Particularly, the case where the power supply circuit is constructed by a switching power supply will be considered. When a switching method is used at the time of converting voltage in the power supply circuit (DC/DC converter circuit), designing can be made with relatively high efficiency. Consequently, the switching power supply circuit is a circuit system which is often used.
It is, however, known that in the circuit configuration of the switching power supply circuit, necessary voltage is generated by switching, so that voltage fluctuation (ringing) having a certain frequency component occurs at the moment of on/off switching, and the voltage fluctuation is the cause of occurrence of unnecessary noise.
There is also the possibility that the unnecessary noise component of the ringing is largely influenced by resonance frequency of the printed board itself and the unnecessary noise component is increased.
With respect to EMI, the limit value on the permissible level of noise is determined for each frequency, and all of noise levels in a specified frequency band have to be set to the limit value or less. Obviously, the lower the noise level, the better. Therefore, as will be described later, a technique of reducing EMI even in the case of using a switching power supply is known.
The conventional technique of patent literature 1 relates to a drive circuit for a semiconductor optical amplifier gate switch, a semiconductor optical amplifier gate switch device, and an optical switching device and, particularly, is directed to reduce a ringing component by inserting a diode at a post stage of an inductor (refer to FIG. 14).
However, since the ringing frequency itself which worsens EMI cannot be changed by the diode, there is a problem such that a sufficient EMI reduction effect cannot be obtained.
The conventional technique of patent literature 2 relates to a switching power supply device and, particularly, is directed to reduce ringing at the time of switching by providing snubber circuits at both ends of an inductor (transformer) (refer to FIG. 15).
In the configuration of the conventional technique, however, since the snubber circuits always operate at the time of switching, the efficiency of the power supply is worsened.
In addition, the ringing frequency component which worsens EMI cannot be sufficiently eliminated by the snubber circuit, and there is consequently a problem such that a sufficient EMI reduction effect cannot be obtained.
The conventional technique of patent literature 3 relates to a self-excited DC/DC converter and, more particularly, provides a self-excited DC/DC converter which suppresses ringing by extending an off period of a switching element and can suppress increase in the frequency at the time of low load and contribute to improvement in efficiency at the time of low load (refer to FIG. 16).

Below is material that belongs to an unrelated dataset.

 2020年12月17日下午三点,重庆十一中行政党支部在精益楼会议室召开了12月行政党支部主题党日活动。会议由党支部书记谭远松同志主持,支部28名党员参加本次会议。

However, the ringing mentioned in the conventional technique is ringing which is about a few times as high as oscillation frequency generated at the time of low load but is not ringing which is a few hundreds times to a few thousands times as large as that which occurs at the on/off timings of the oscillation frequency. Since a ringing frequency component in the band of tens or hundreds MHz which exert largest influence on EMI cannot be eliminated, there is, consequently, a problem that the EMI reduction effect cannot be obtained.

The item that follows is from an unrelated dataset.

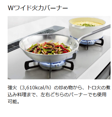 Wワイド火力や便利機能を搭載したビルトインコンロ

The conventional technique of patent literature 4 relates to a drive circuit of a voltage driving element and, more particularly, to a technique of providing a snubber circuit between a load such as a three-phase inverter and an input Vin, sending a feedback (F/B) to the input, and making gate opening/closing at the time of switching dull, thereby reducing ringing (refer to FIG. 17).
In the conventional technique, however, two protection diodes and three snubber resistors are necessary in addition to the present invention.
In the configuration of the conventional technique, in the case where the snubber circuit operates at the time of switching, a loss due to the snubber resistor occurs, so that the efficiency deterioration is caused.
Further, due to the method of eliminating ringing by feeding back (F/B) the voltage fluctuation in the load to the input to make the opening/closing timing of the gate of the switching FET dull, the efficiency deterioration becomes larger by the gate opening/closing timing.
In addition, by sending an F/B of the load to the input line, there is the possibility that noise having a ringing component is diffused into the input line.
The conventional technique of the patent literature 5 relates to an adaptive ringing suppressing device. In the configuration of the conventional technique, ringing is reduced by using a low-pass filter circuit including a delay circuit (refer to FIG. 18). By using the low-pass filter in a video signal processing circuit for a video signal or the like including a ringing component, the ringing component is eliminated.
However, the conventional technique does not eliminate a ringing component in a place where ringing occurs but an output from which the ringing component is eliminated as a result of passing through circuits is obtained.
That is, there is a part of an output of a single delay circuit, which is transmitted to the next stage while including the ringing component. The ringing component cannot be fundamentally eliminated. Even when the method of the conventional technique is applied, EMI cannot be reduced.